Remember that copyright controversy last year between photographer David Slater and the money that took selfies with Slater’s camera back in 2011? PETA is joining in on the fracas.

The animal rights group filed a lawsuit yesterday on behalf of the monkey, a 6-year-old macaque in Indonesia named Naruto. PETA argues that Naruto is the legal copyright owner of the photos (seen above) rather than Slater, and that all proceeds from the photos should be used for the benefit of the monkey.

This story started and exploded back in August 2014 when Wikipedia posted and refused to take down the monkey selfie, arguing that Slater didn’t own the copyright since the monkey snapped the photo. Since the US Copyright Office doesn’t register copyright to animals, the photo was in the public domain, Wikipedia argued.

Slater disagreed, and said then that he was planning to go after Wikipedia over the photos.

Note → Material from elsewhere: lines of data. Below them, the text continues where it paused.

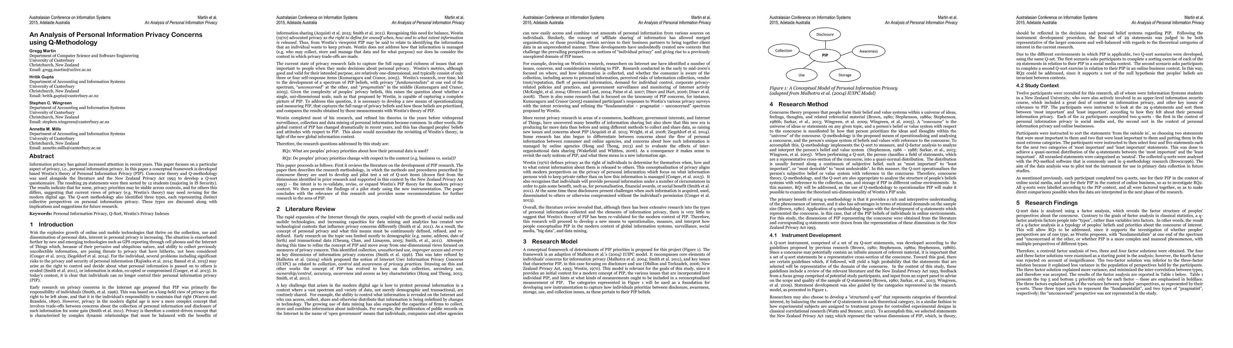 Researchers used Q-methodology to analyze personal information privacy concerns based on Westin's theory, finding that individual perspectives may vary across contexts, and suggesting a need for revising current views of privacy for the modern digital age.
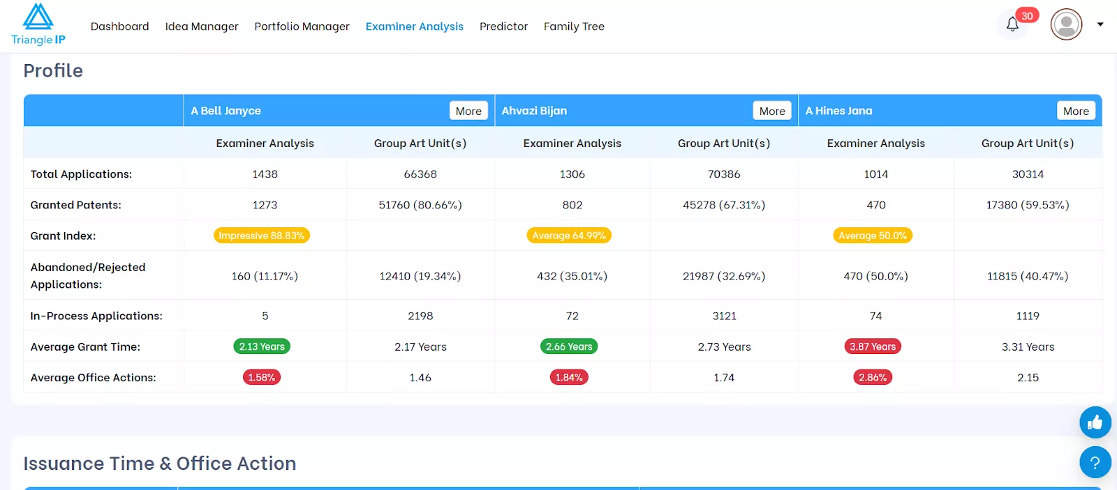 Acing a patent examiner interview comes down to three things: preparation, timing, and understanding your examiner’s behavior. Before the interview, use tools like the Examiner Analysis feature in Triangle IP’s TIP Tool™ to review data such as:
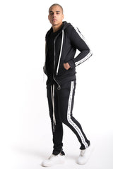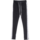 Herren-Jogginghose von Sixth June mit bedruckten Bändern von Sixth June Paris an den Beinen. Schmale Passform, Innenreißverschlüsse an den Knöcheln und übergroße Kordelzüge. Schwarzes Modell mit weißen Streifen.
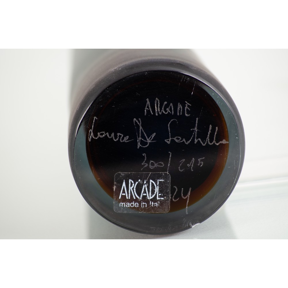Due bottiglie “Bambù” della serie "Antology" in vetro soffiato di colori differenti con superficie satinata, corpo cilindrico con lungo e stretto collo a portamento libero. Ciascuno reca alla base firma a punta e numero di serie limitata: 300/103 e 300/104.
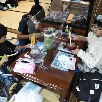 6年生は現在、昼食の「葱蕎麦」を食べています。「葱蕎麦」といえば、大内宿の名物です。みんな上手にネギを箸にして食べています。
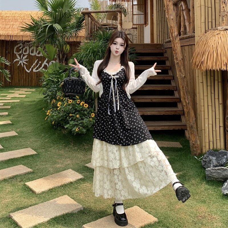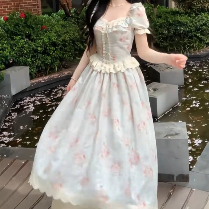 실사 프랑스식 아름다운 달콤함 꽃무늬 슬립 여성 드레스 여름 새로운 아름다운 치마
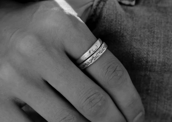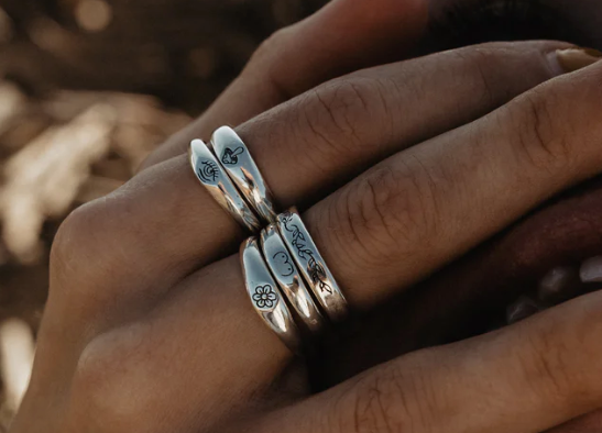 Inspired by Stick N' Poke tattoo designs the Ivy stacker ring is hand carved by us in wax and created using the "lost wax method" in sterling silver ring with oxidised, tumble and hand polish finish.

Now PETA is taking the battle to court on Naruto’s behalf, filing a federal lawsuit in San Francisco to make sure the monkey gets paid. The group is arguing that the US Copyright Office’s decision to exclude animals from its system is not set in stone, but is rather “only an opinion.”

“The act grants copyright to authors of original works, with no limit on species,” PETA lawyer Jeffrey Kerr tells the Associated Press. “Copyright law is clear: It’s not the person who owns the camera, it’s the being who took the photograph.”

Slater himself showed up in one of Naruto's selfies.
Slater himself showed up in one of Naruto’s selfies.

Slater, who already obtained a copyright for the photo in the UK, objects. He believes he and his family have a right to make money from the photos snapped by Naruto.

“The facts are that I was the intellect behind the photos, I set the whole thing up,” he tells the AP. “A monkey only pressed a button of a camera set up on a tripod – a tripod I positioned and held throughout the shoot.”